Ils sont tous plus barges et paumés les uns que les autres, mais cinq d’entre eux se détachent plus particulièrement du lot. Il y a Georgie la brave fille, pas très futée (que j’ai eu envie de claquer chaque fois qu’elle pensait ou parlait avec les mots d’une gamine de quatre ans) et son chéri Bobby l’artiste drogué jusqu’à la moelle, avec lui tout y passe, il vaporise du déodorant sur ses pulls sales et les renifle pour ne pas redescendre trop vite ou sniffe du nescafé quand il est trop en dèche pour se payer de l’ecstasy (Servietsky, sort de ce corps !). Il y a aussi Johnnie dealer occasionnel et psychopathe paranoïaque régulier, puis sa copine Ellen, la glandeuse professionnelle dont le sexe est le hobby principal. Et enfin il y a Alan, dit le salaud, qui est juste un raté de plus. Si son histoire est cousue de fil blanc, un peu comme toutes celles qui peuplent ce roman, elle n’en est pas moins touchante malgré les travers de cet homme. D’ailleurs, elle est peut-être la seule à vraiment susciter de la compassion.

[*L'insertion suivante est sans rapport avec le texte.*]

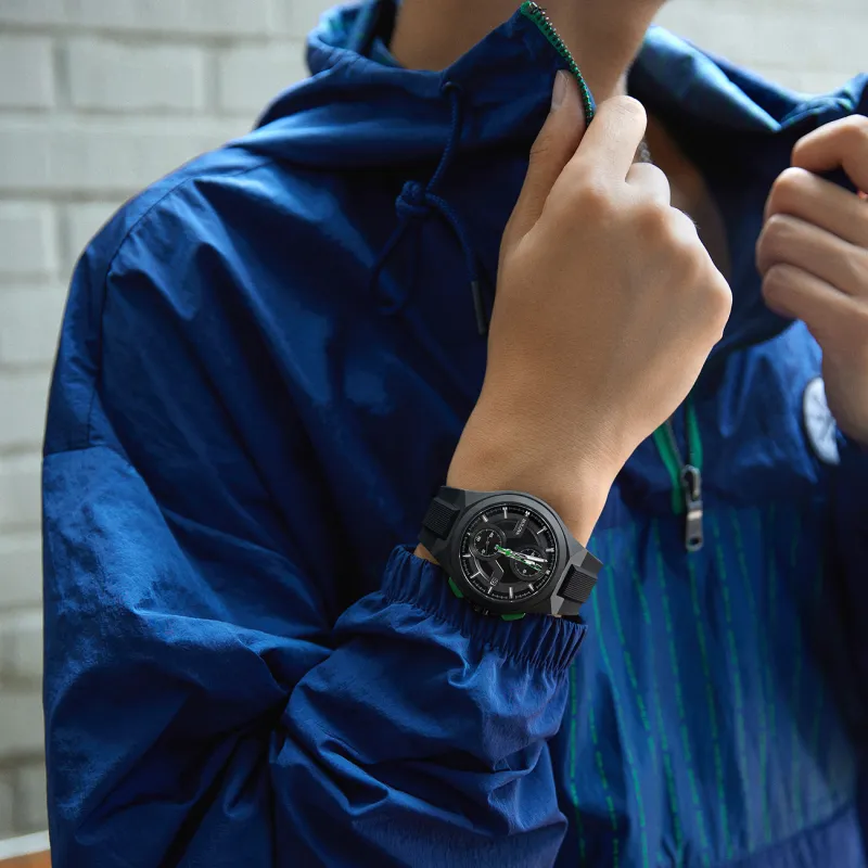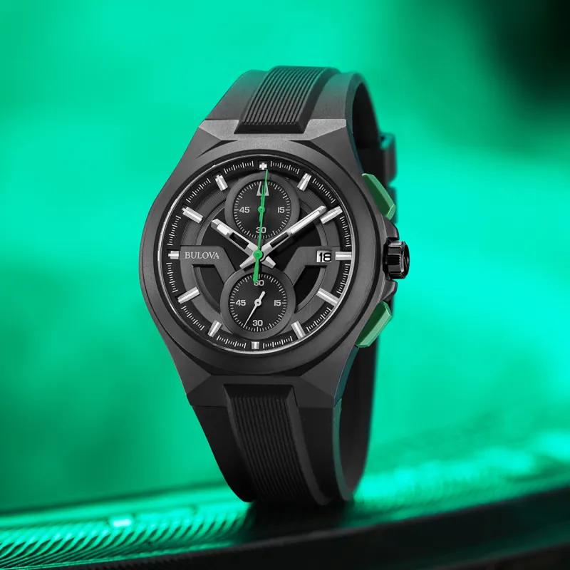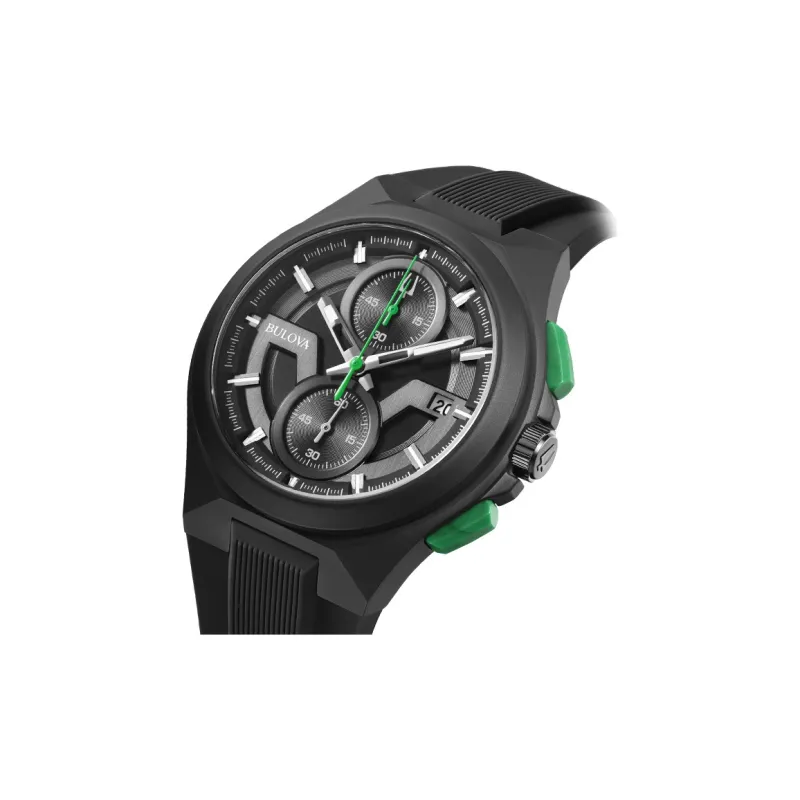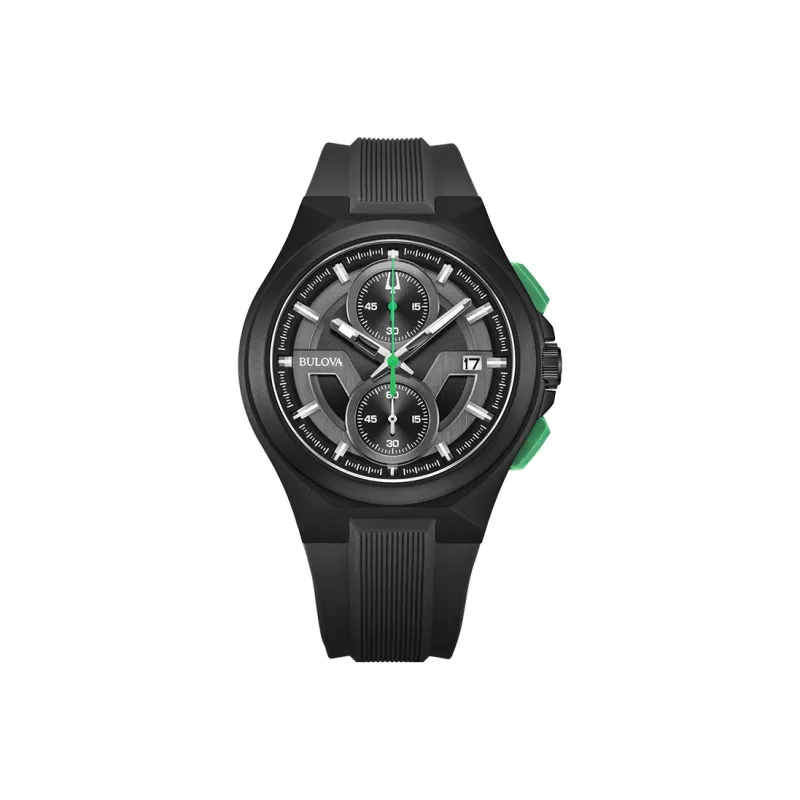 BULOVA Мужские часы Кварцевый механизм Резиновый ремешок 45 мм Черный циферблат 98B381

Il y a dans cette histoire une belle brochette de tarés en tous genres, à qui on a envie de filer des claques pour leur remettre le cerveau à l’endroit. Ils peuvent nous laisser consternés, dépités ou mélancoliques, mais aussi nous faire rire. Autant vous le dire, on n’est pas sortis du pub avec cette bande de cinglés, mais le pire dans tout ça c’est qu’on finit par s’attacher à eux. Bobby en est l’exemple le plus flagrant. L’auteur le compare à un clébard et il n’a pas tort, on a envie de le secouer, puis on s’y habitue… C’est un chouette toutou au fond, il bave un peu, mais il est gentil… Et si la fin réservée aux deux couples n’est pas crédible pour trois sous, si naïve puisse-t-elle sembler dans son optimisme, on s’en fiche un peu parce qu’on les aime bien quand même.
Ça se laisse lire sans trop perdre le lecteur en route, même si l’insistance de l’auteur sur certains passages m’a parfois fait l’effet d’une craie crissant sur un tableau noir. Aussi curieux que cela puisse paraître avec tout ce que j’ai pu en dire, j’ai apprécié cette lecture atypique.
Le style est trash, assez brut, sans demi-mesure ou fioritures, s’adaptant à la pensée naïve ou basique des personnages. Ça ne semble pas voler très haut, mais c’est pourtant étudié. Même si je n’ai pu m’empêcher de me demander, l’idée étant en plus renforcée par l’effet que produit l’absence de paragraphes, si l’auteur n’avait pas écrit le tout d’une traite, une nuit après s’être savamment torché… Bobby accroche bien ses toiles n’importe comment pour s’en débarrasser et aller se murger… La spontanéité dans l’art n’est pas un mal et ce roman semble être un pied-de-nez à beaucoup de ce qui fait notre littérature contemporaine…
A noter qu’il y a à la fin du livre une playlist suggérée par l’auteur, exclusivité de la version française, avec le lien pour l’écouter sur le net. J’apprécie toujours ce genre de bonus et c’est d’autant plus appréciable que la musique a une part importante et significative dans cet ouvrage.
Je ne peux que vous encourager à vous faire votre propre opinion sur Block Party car elle ne peut être que très subjective et tranchée dans le cas présent, on aime ou on déteste.